In Exodus 24:3, the Bible says, “Then Moses went down to the people and repeated all the instructions and regulations the LORD had given him.” Once again, all the people answered with one voice, “We will do everything the LORD has commanded.” There is that word “WE” again. The Lord then proceeded to give eight more chapters of rules and regulations before He wrote His Law on tablets of stone in chapter 32, and we already learned 3,000 people died that day becuase they violated what God had said.  This is certainly not the same agreement Abraham lived under, nor the agreement that was in place prior to Exodus 20. In Exodus 19, there was a shift, and it was a shift FROM GRACE to HUMAN EFFORT.

I have given you a lot to process today. Here are a few final points:

a) Prior to The Law of Moses, God blessed Abraham and all those who followed by grace, and they accessed God’s grace through their faith.

b) Once the Law of Moses was in place, God blessed people in accordance with human effort. If they did good, God released good. If they did bad, God withheld His protection, and they were susceptible to the enemy.  

c) The Law of Moses was designed to show mankind that we are not good enough to ever be righteous on our own. Once that realization set in, mankind would then rely on God to save them from their sin.

d) The Law is perfect, but we are flawed. No human (outside of Jesus) has ever fulfilled the Law.

e) Jesus came to fulfill the Law. We are not perfect, but Jesus was perfect for us.  

f) Once Jesus died, was buried, and resurrected from the dead, He made a way for us to get back under grace. Jesus redeemed us from the curse of The Law. When we accept Jesus as our Lord, we are redeemed from the Law, and we get to embrace grace again.

g) Like Abraham, who was made righteous simply because he believed God, we too are made righteous when we believe. We now get to enjoy all God gives us by grace, and we are to access God’s grace with our faith.     

h) Jesus shifted us BACK from human effort to God’s grace. Therefore, we are delivered from performance-based religion.

Declaration of Faith:  

Father, I thank You for helping me to understand Your amazing grace.  Before The Law was given, You freely blessed Abraham, Isaac, Jacob, Joseph, and Moses by grace.  They did not earn anything, and You blessed them richly.  Not because they were good, but because You are good.  Under The Law, there was a shift to human effort.  Under The Law, You dealt with mankind according to how good we were.  Under The Law, You required us to live by a certain set of rules and regulations.  The Law was designed to get man to the end of himself and to show mankind that we need a Savior.  You sent that Savior, and His name is Jesus.  

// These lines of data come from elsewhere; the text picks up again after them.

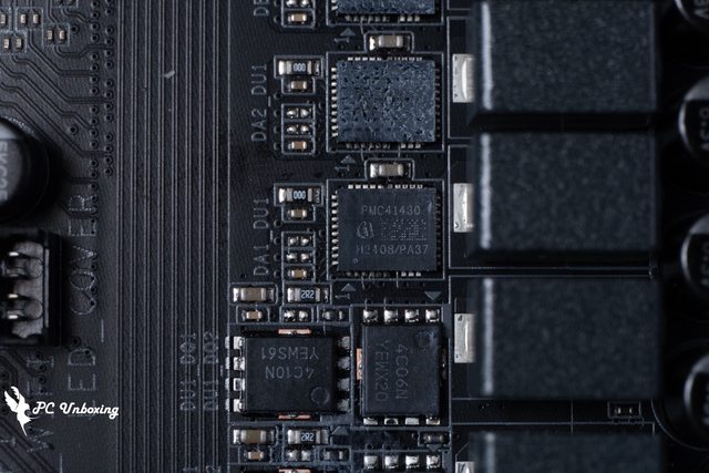 主機板在 VRM 供電區塊設有 VRM Thermal Armor Advanced,在 VRM 散熱裝甲之中嵌有
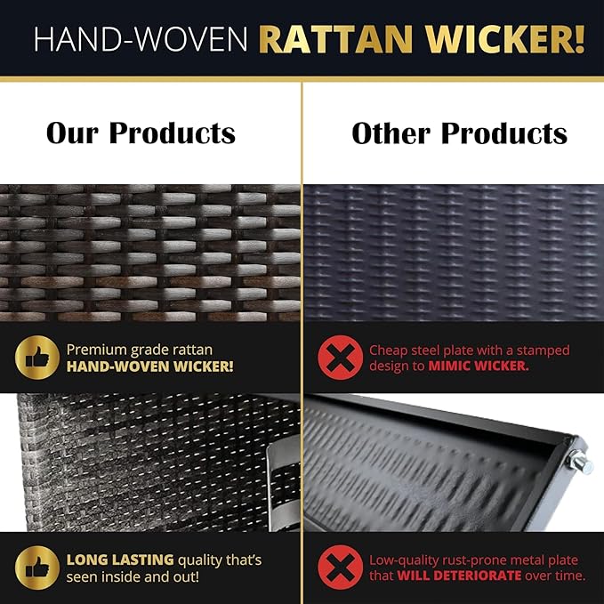 - 【Premium 42" Propane Fire Pit Table】Elevate your patio with this spacious 42-inch outdoor fire pit centerpiece. Crafted from handwoven synthetic rattan wicker & powder-coated aluminum frame for lasting style and weather/rust/fade resistance
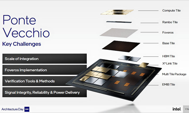 Intel’s Ponte Vecchio GPU combines 47 active “tiles” (dies) manufactured with five different process technologies in one package.
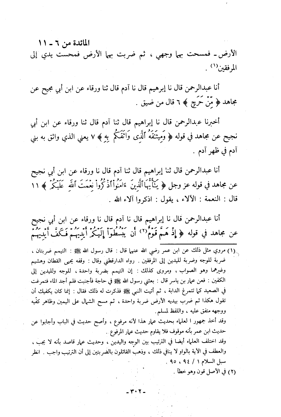 أنا عَبْدُ الرَّحْمَنِ، قَالَ: نا إِبْرَاهِيمُ، قَالَ: نا آدَمُ، قَالَ: ثنا وَرْقَاءُ، عَنِ ابْنِ أَبِي نَجِيحٍ، عَنْ مُجَاهِدٍ: {§مِنْ حَرَجٍ} [المائدة: 6] قَالَ: «مِنْ ضِيقٍ»
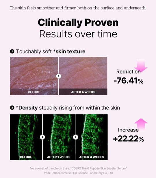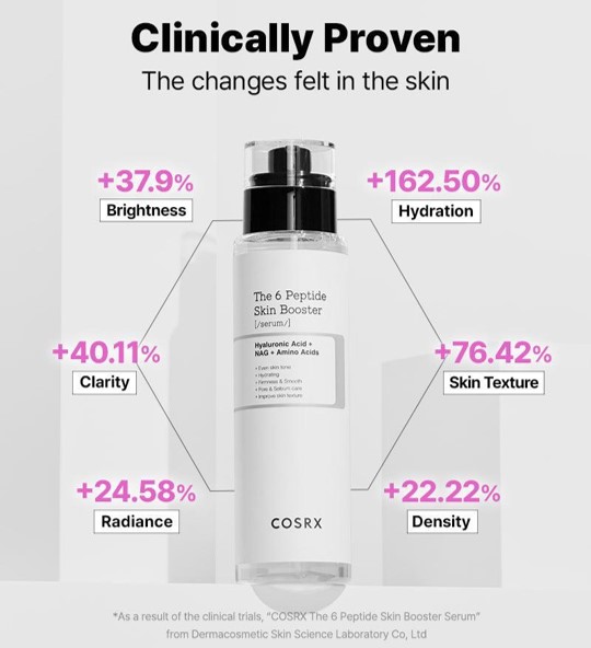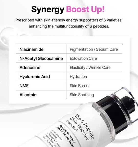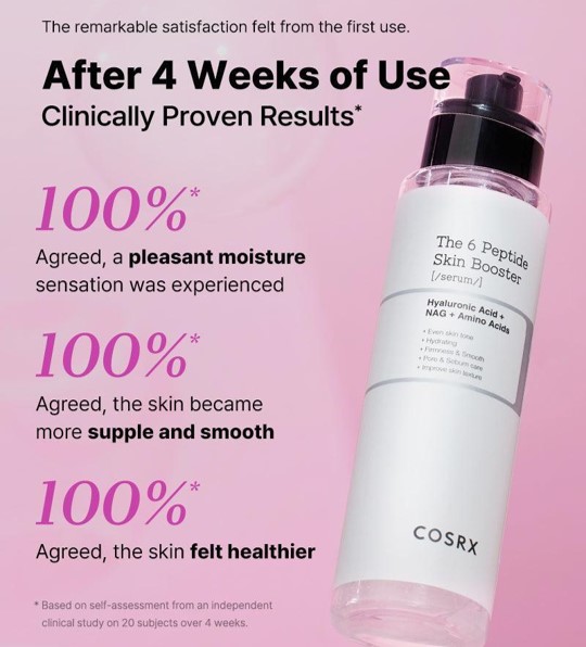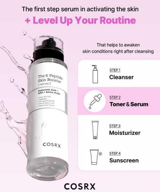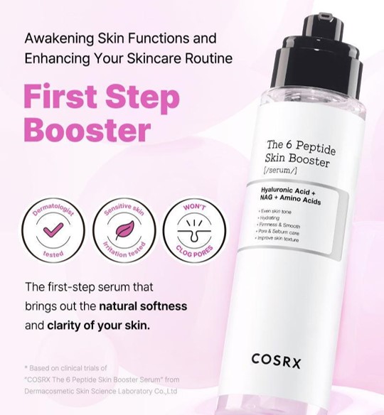 COSRX The 6 Petide Skin Booster is suitable for all skin types and can be used all day and in any season. It is especially ideal for those seeking a lightweight, non-sticky serum to enhance their original skincare routine. Additionally, it is perfect for individuals with complex skin concerns, including those who want to address multiple skin issues like pores, excess sebum, fine lines, and uneven skin texture and tone.
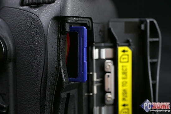 尼康D610官方表示机身具备防水溅能力,仔细观察卡舱部分的周围的确植入着一圈密封橡胶,理论上一般的小雨对它绝对不会构成威胁。
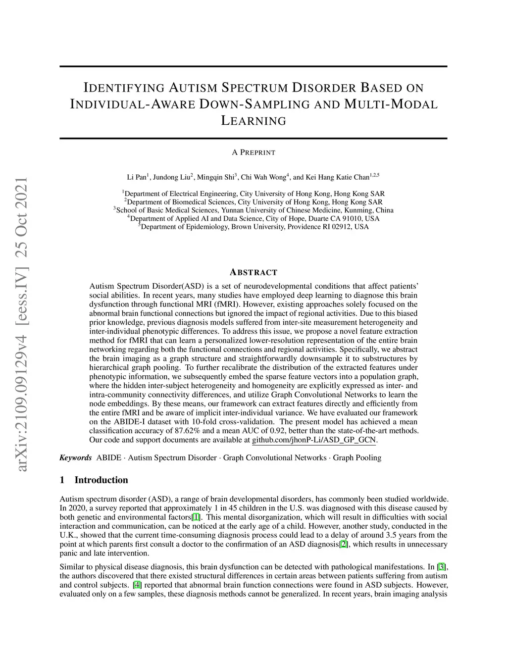 Autism Spectrum Disorder(ASD) is a set of neurodevelopmental conditions that affect patients' social abilities. In recent years, many studies have employed deep learning to diagnose this brain dysfunction through functional MRI (fMRI). However, existing approaches solely focused on the abnormal brain functional connections but ignored the impact of regional activities. Due to this biased prior knowledge, previous diagnosis models suffered from inter-site measurement heterogeneity and inter-individual phenotypic differences. To address this issue, we propose a novel feature extraction method for fMRI that can learn a personalized lower-resolution representation of the entire brain networking regarding both the functional connections and regional activities. Specifically, we abstract the brain imaging as a graph structure and straightforwardly downsample it to substructures by hierarchical graph pooling. To further recalibrate the distribution of the extracted features under phenotypic information, we subsequently embed the sparse feature vectors into a population graph, where the hidden inter-subject heterogeneity and homogeneity are explicitly expressed as inter- and intra-community connectivity differences, and utilize Graph Convolutional Networks to learn the node embeddings. By these means, our framework can extract features directly and efficiently from the entire fMRI and be aware of implicit inter-individual variance. We have evaluated our framework on the ABIDE-I dataset with 10-fold cross-validation. The present model has achieved a mean classification accuracy of 87.62\% and a mean AUC of 0.92, better than the state-of-the-art methods.
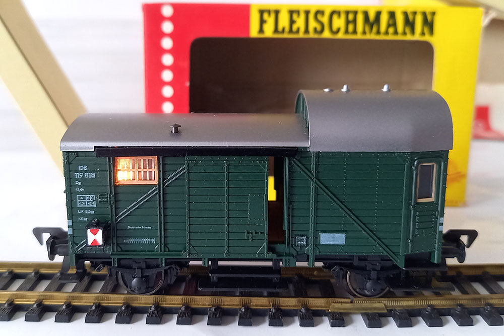 - 1468 Conducteurswagen, 2-assig, groen, type Pwg van de Duitse Spoorwegen, af fabriek voorzien van binnen- en sluitverlichting. Uitstekende staat in originele verpakking. 1967-1976.
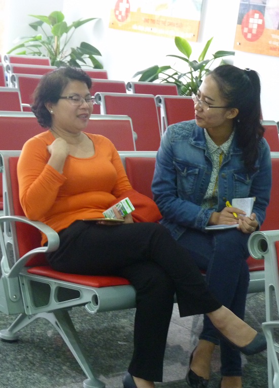 Chị Cao Thu Huyền vui vẻ chuyện trò sau khi hoàn tất việc thăm khám định kỳ
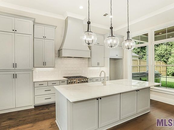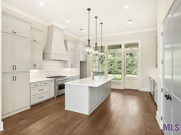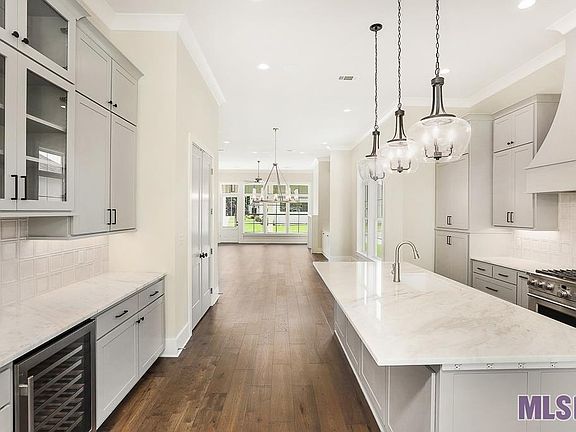 Custom built by Bond Construction, this home is move- in ready, set on an oversized lot with plenty of backyard space within Audubon Square. As you approach this home, the lovely front porch greets and as you enter, you’ll notice a sight line with a wall of windows at the rear of the home, allowing for plenty of sunlight. The fireplace with quartz surround creates a focal point for the gathering room, flanked on either side by custom built-ins. The kitchen features an oversized island with quartz counters, GE Cafe stainless appliance package with gas range, and bar space with wine cooler. The covered back patio is finished with tile and a complete outdoor kitchen. Wood floor begins when you enter the home and continues throughout. Entering the primary en suite, you’ll find a spacious private retreat opening to a bathroom made for relaxing. The owner’s bath has a stand alone tub and glass enclosed shower with custom tile to the ceiling. The owner’s closet offers ample space for all your wardrobe and storage needs. An additional guest en suite with private bath and two secondary bedrooms open to a shared guest bath. This thoughtfully laid out plan also includes an additional half bath and utility room finished with additional cabinets and sink.Come see the green spaces and walking trails and access to BREC's Antioch Park, making Audubon Square a wonderful place to call home. Call today for your private tour of the custom finishes included in this home!
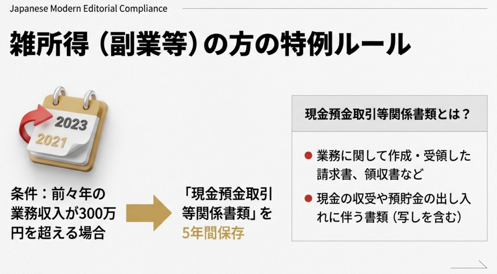 | 現金預金取引等関係書類 | 5年 | 業務に係る雑所得者(前々年収入300万円超) |
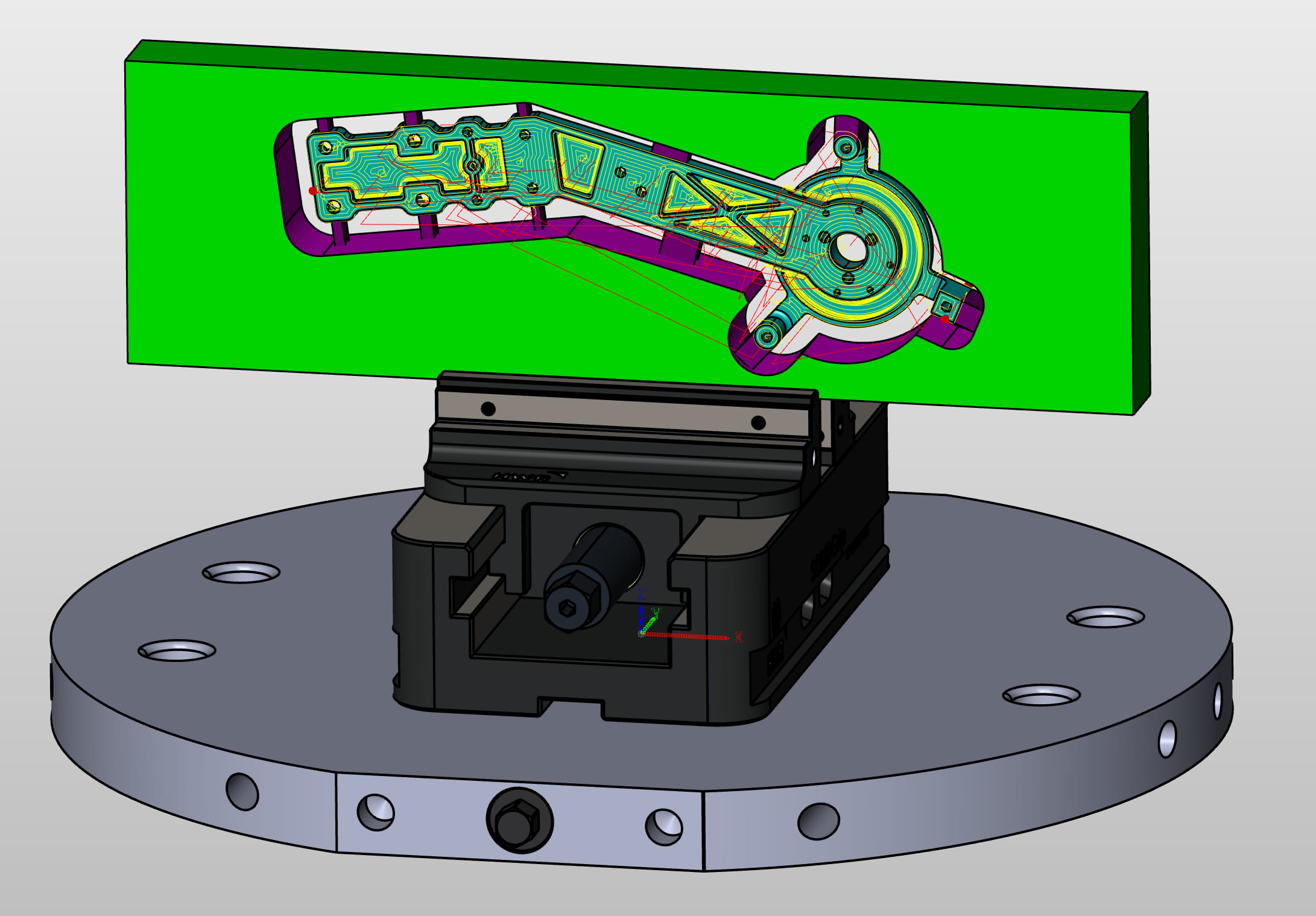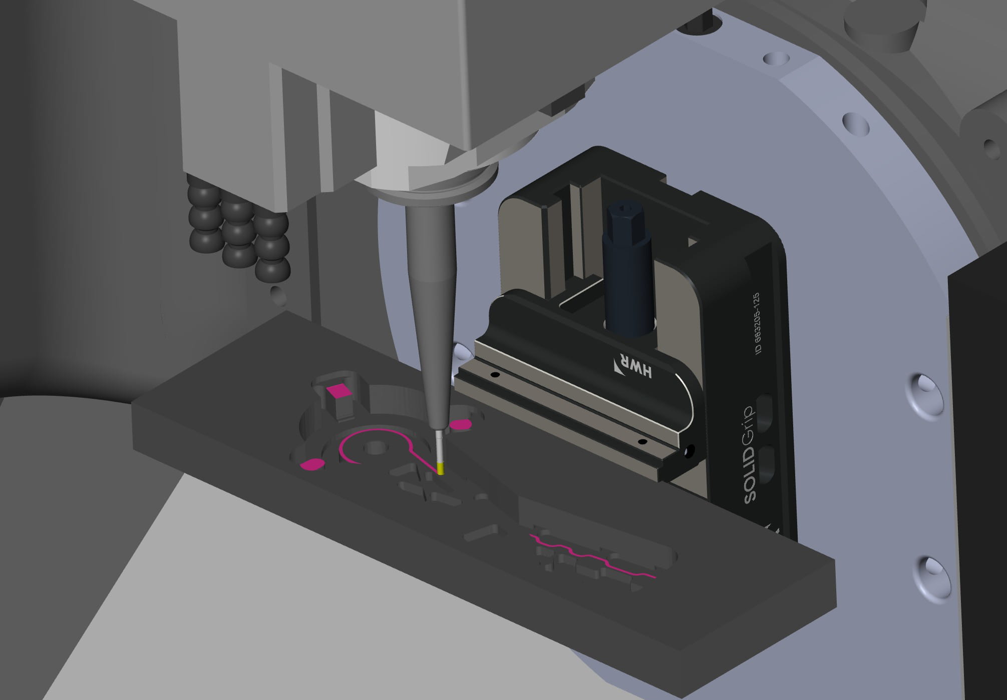 Held in an HWR self-centering 5-Axis Vice located on top of a Zero Point Fixture plate permanently mounted to the Hermle C250 Systems Trunnion.
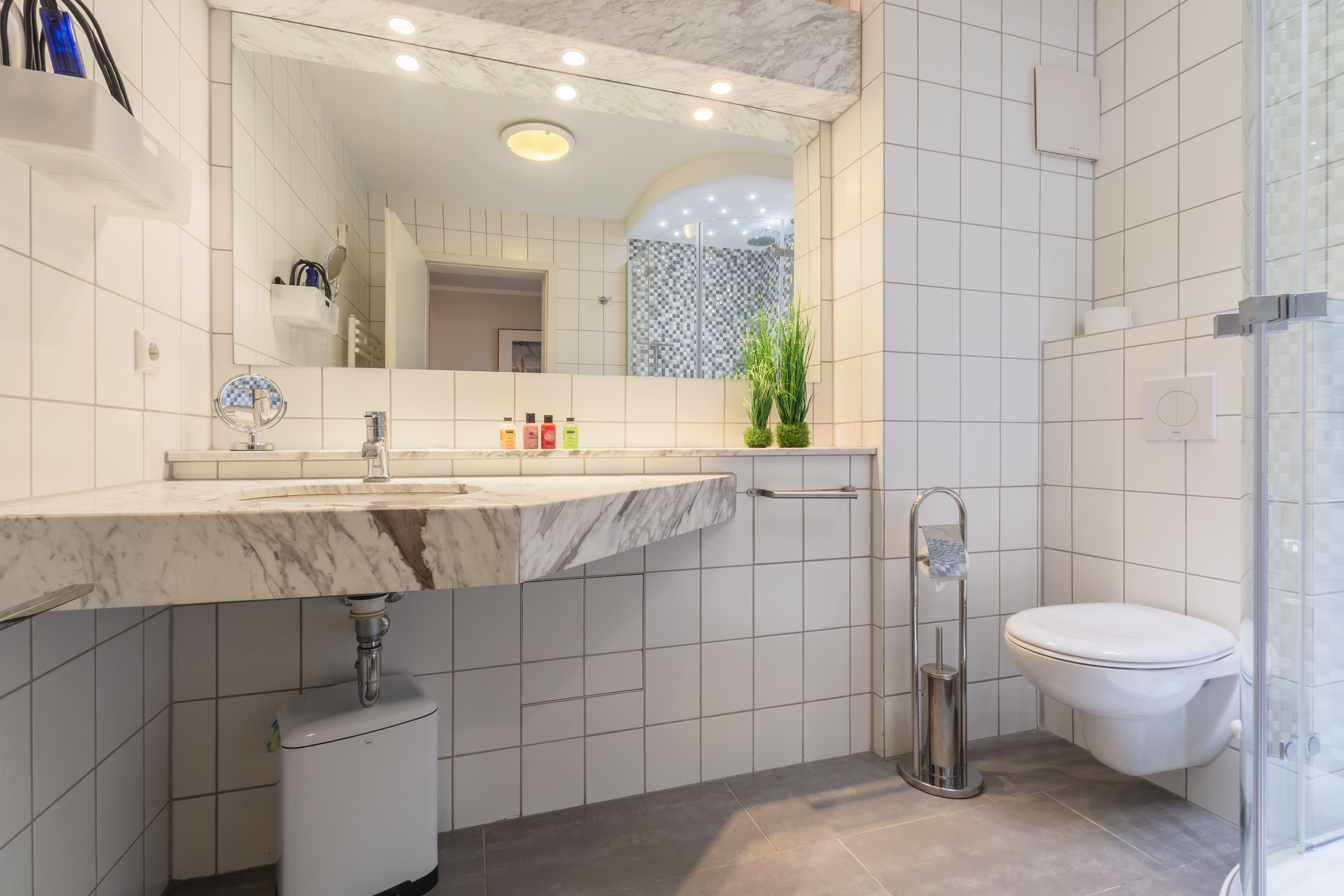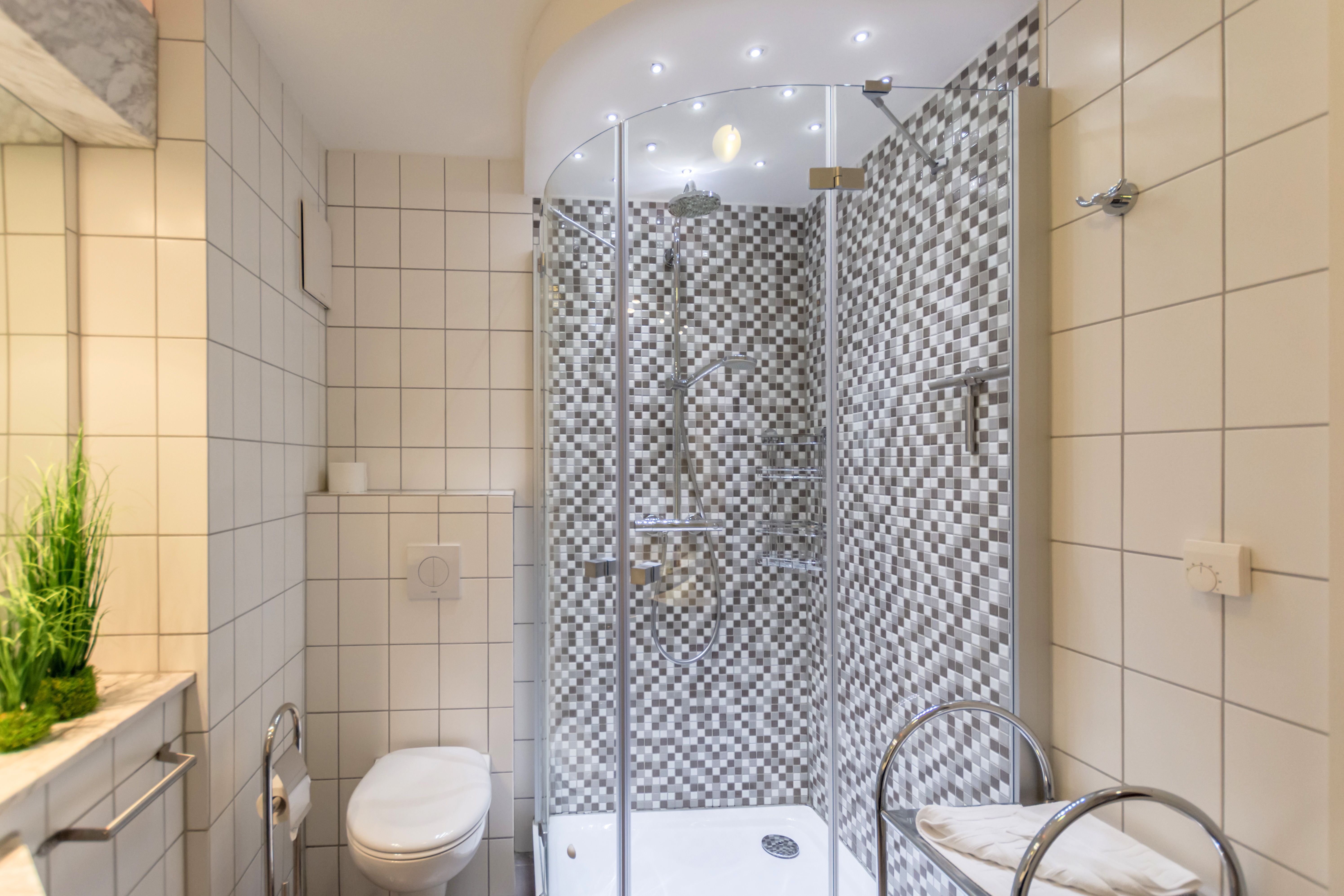 Das Badezimmer ist mit einer Dusche ausgestattet, und ein Föhn steht ebenfalls bereit. Zusätzlich gibt es ein separates Gäste-WC im Appartement.

Under The Law, I would be condemned because I have not been perfect.  I have violated Your Commandments time and time again.  But Jesus was perfect for me.  Jesus redeemed me from the curse of The Law.  I am now in Christ, and Christ is in me.  I am not perfect, but I am forgiven.  Like Abraham, I am righteous by faith.  Not by works but by faith.  I now receive everything You freely give me by grace, and I access Your grace with my faith.  Living this way, GREATER IS COMING FOR ME!  I declare this by faith.  In Jesus’ name.  Amen.

This is Today’s Word!  Apply it and Prosper.